→ Given data
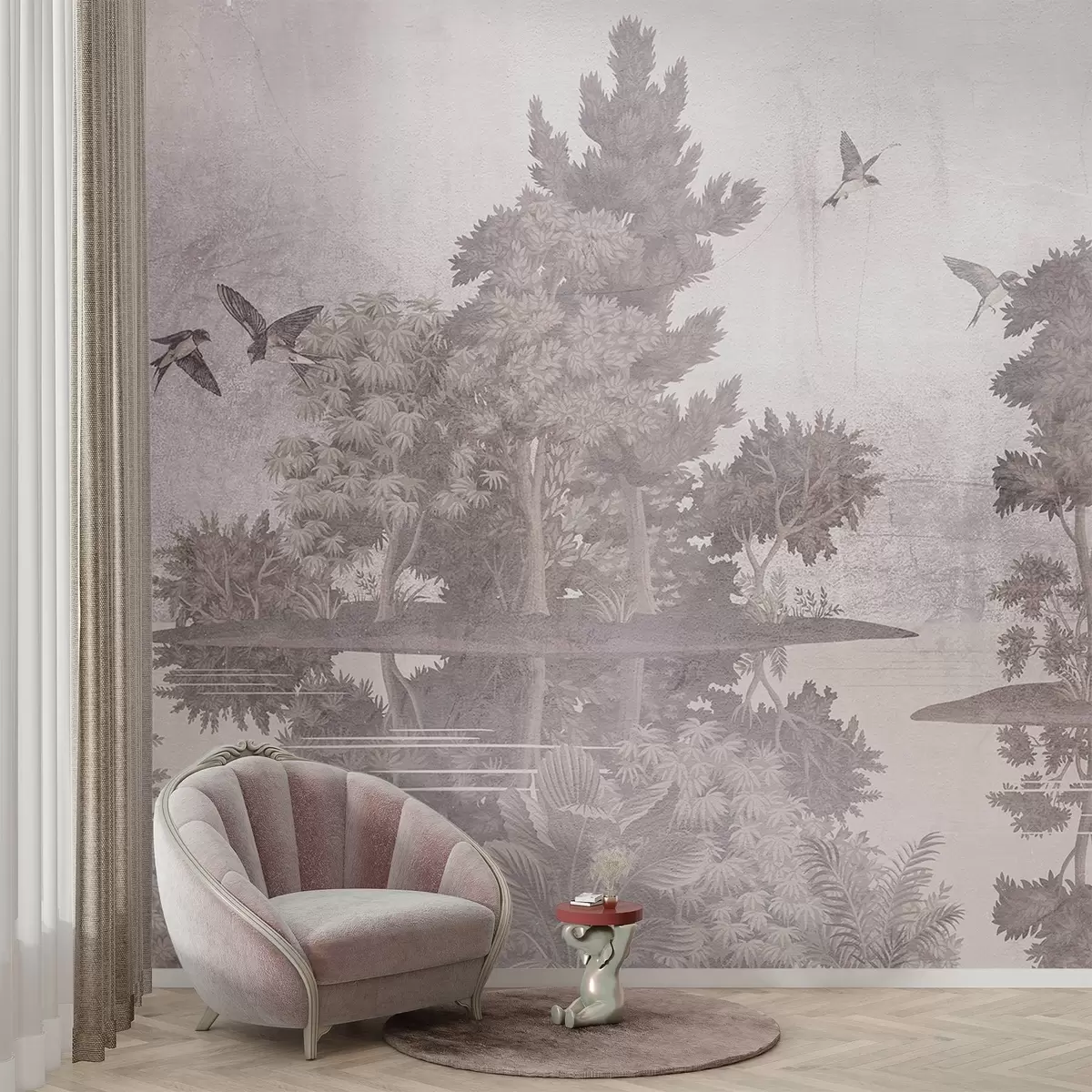 Zidne murale Ispis šumskog pejzaža s jezerom okruženim borovima i drugim lišćem na teksturnoj bež pozadini br. w08426
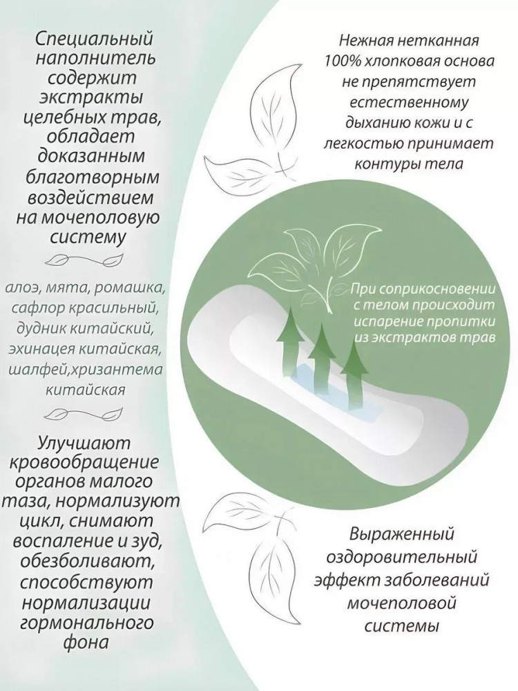 • Содержат женские травы, действуют как антисептик, противодействуя распространению бактерий, грибков.
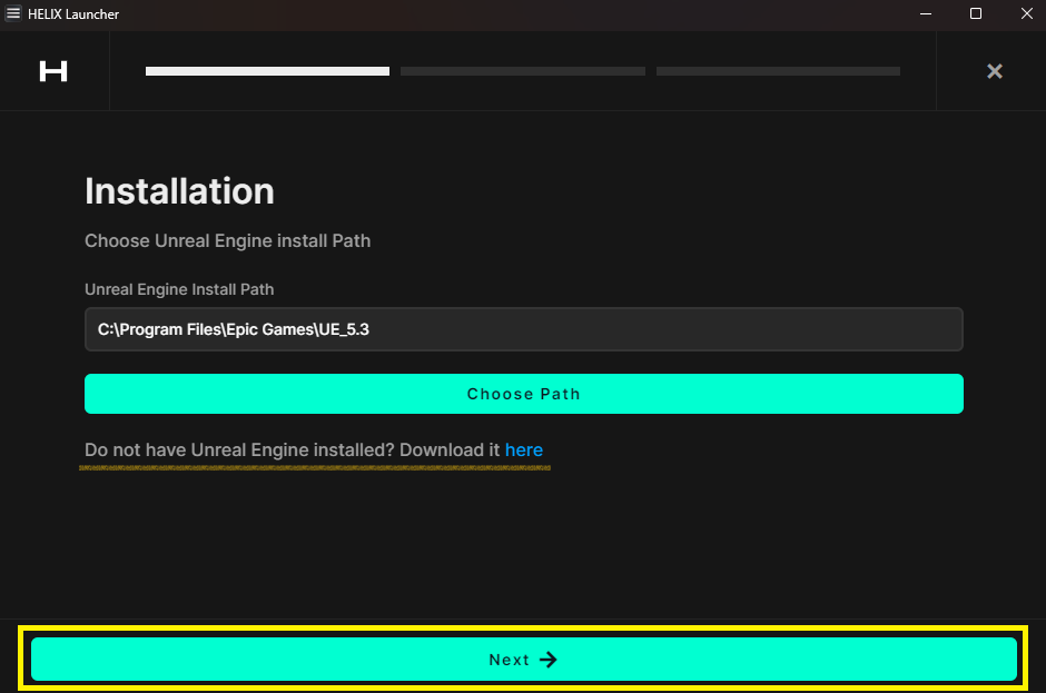 📝 Note: Prior to install HELIX Studio, the Unreal Engine must be installed first. In this page there is detailed information on how to install Unreal Engine 5.3.x or you can follow the link provided in the Launcher to install UnrealEngine directly.
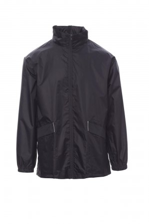 Unisex ūdensnecaurlaidīga jaka, nolokāma kapuce, elastīgas aproces, divas kabatas ar līplenti, atstarojoši profili un ieliktnis mugurpusē, iekšpusē: bez oderes, sudraba efekts (izņemot versiju dzeltenā krāsā). Individuāli iesaiņota maisā ar sānu siksnu.
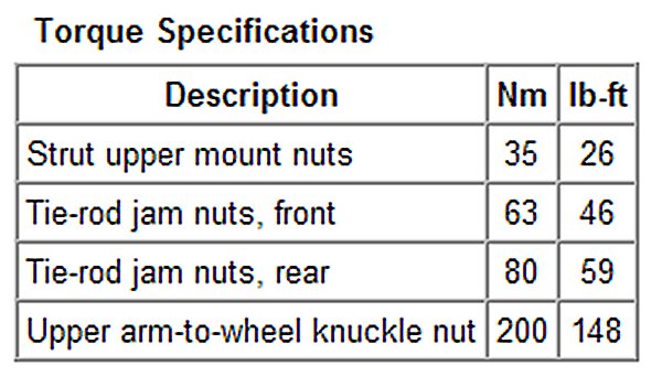 Torque Specifications:
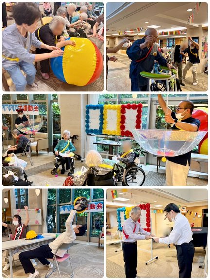 ご入居者の晴れやかな選手宣誓で始まり、パン食い競争や玉入れ、借り物競争では、皆様の笑顔と真剣な表情が輝きました。
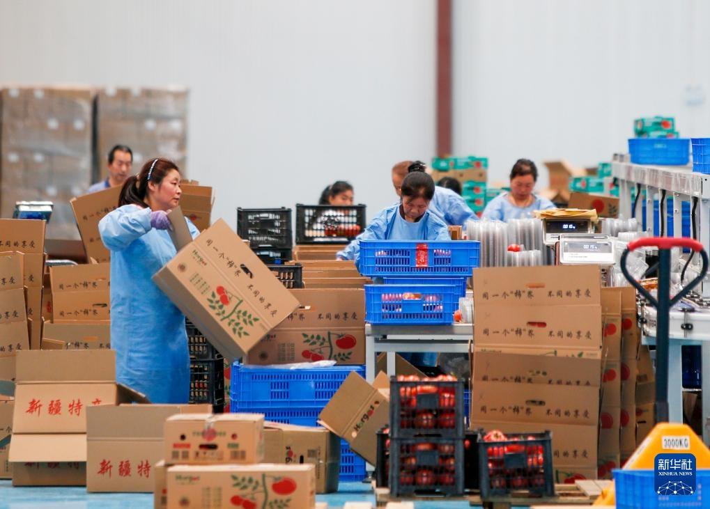 4月18日17时许,在霍尔果斯市一家西红柿种植生产基地,工作人员在打包装箱。新华社记者 陈朔 摄
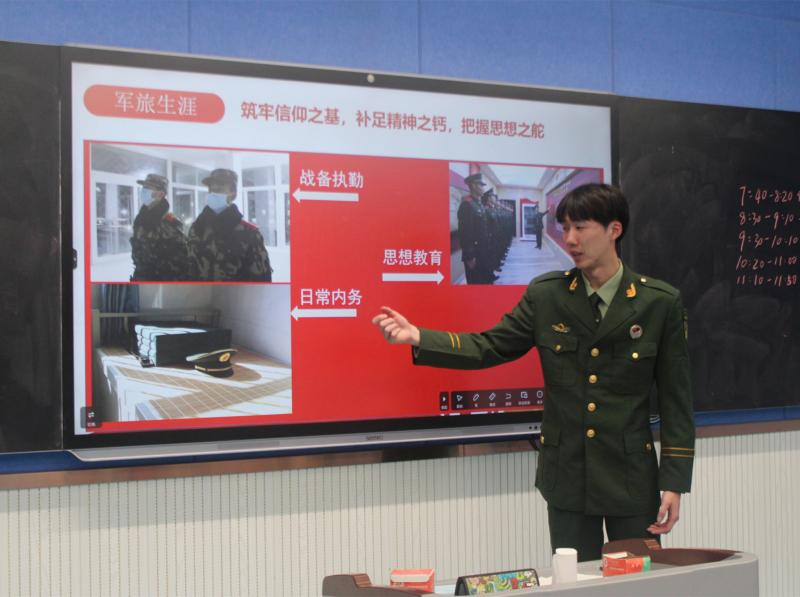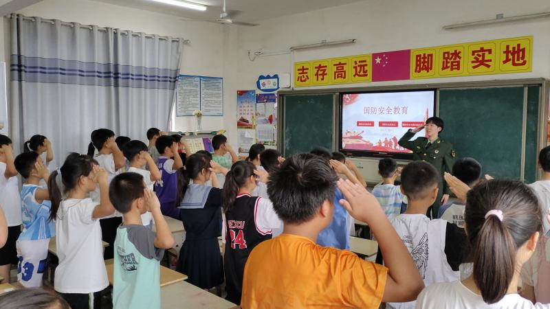 退役军人、大学生青年志愿者潘析文开展国防安全教育课程。
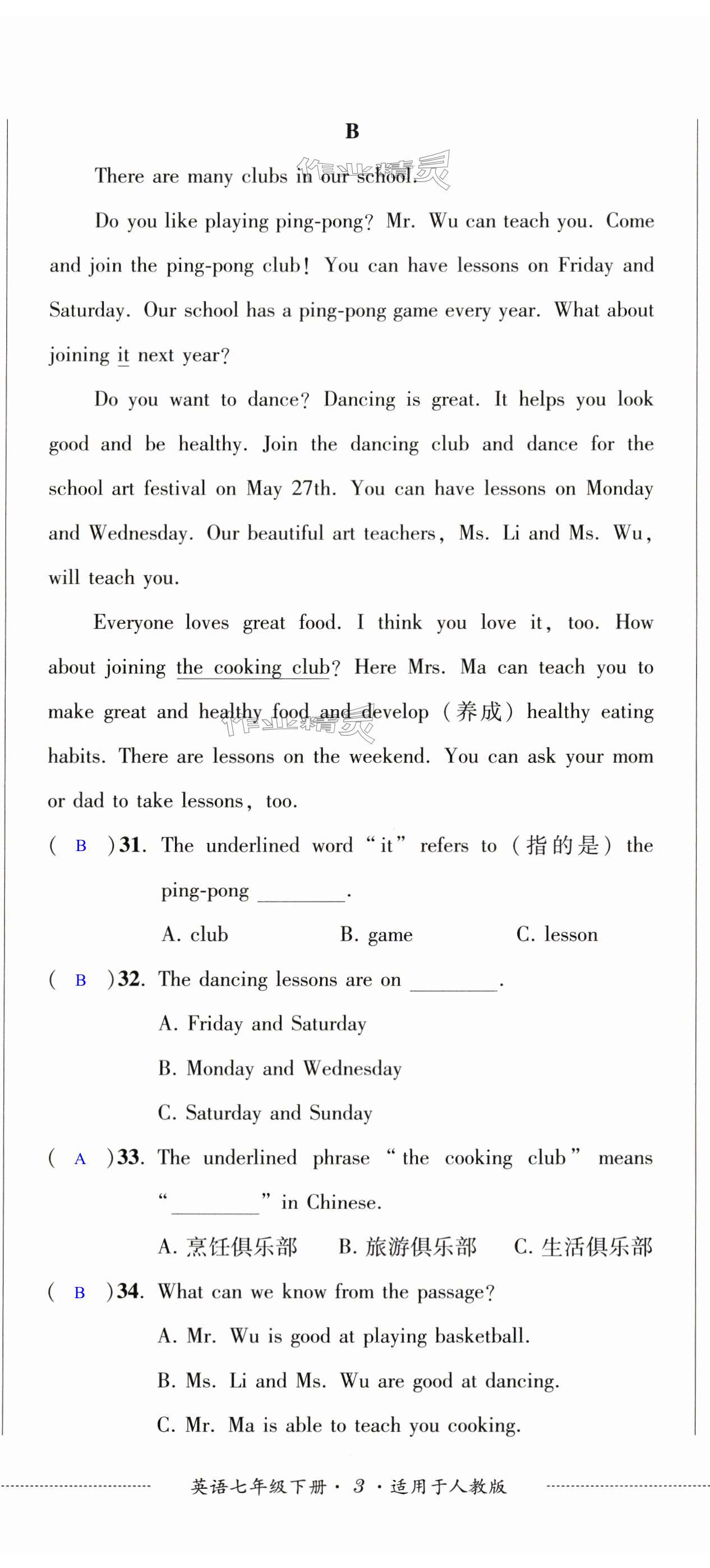 注:目前有些书本章节名称可能整理的还不是很完善,但都是按照顺序排列的,请同学们按照顺序仔细查找。练习册 2024年精练过关四川教育出版社七年级英语下册人教版 答案主要是用来给同学们做完题方便对答案用的,请勿直接抄袭。

→ Prompt
All entries above should be printed exactly, though without their pictures.

→ Solution to the problem
 Zidne murale Ispis šumskog pejzaža s jezerom okruženim borovima i drugim lišćem na teksturnoj bež pozadini br. w08426
 • Содержат женские травы, действуют как антисептик, противодействуя распространению бактерий, грибков.
 📝 Note: Prior to install HELIX Studio, the Unreal Engine must be installed first. In this page there is detailed information on how to install Unreal Engine 5.3.x or you can follow the link provided in the Launcher to install UnrealEngine directly.
 Unisex ūdensnecaurlaidīga jaka, nolokāma kapuce, elastīgas aproces, divas kabatas ar līplenti, atstarojoši profili un ieliktnis mugurpusē, iekšpusē: bez oderes, sudraba efekts (izņemot versiju dzeltenā krāsā). Individuāli iesaiņota maisā ar sānu siksnu.
 Torque Specifications:
 ご入居者の晴れやかな選手宣誓で始まり、パン食い競争や玉入れ、借り物競争では、皆様の笑顔と真剣な表情が輝きました。
 4月18日17时许,在霍尔果斯市一家西红柿种植生产基地,工作人员在打包装箱。新华社记者 陈朔 摄
 退役军人、大学生青年志愿者潘析文开展国防安全教育课程。
 注:目前有些书本章节名称可能整理的还不是很完善,但都是按照顺序排列的,请同学们按照顺序仔细查找。练习册 2024年精练过关四川教育出版社七年级英语下册人教版 答案主要是用来给同学们做完题方便对答案用的,请勿直接抄袭。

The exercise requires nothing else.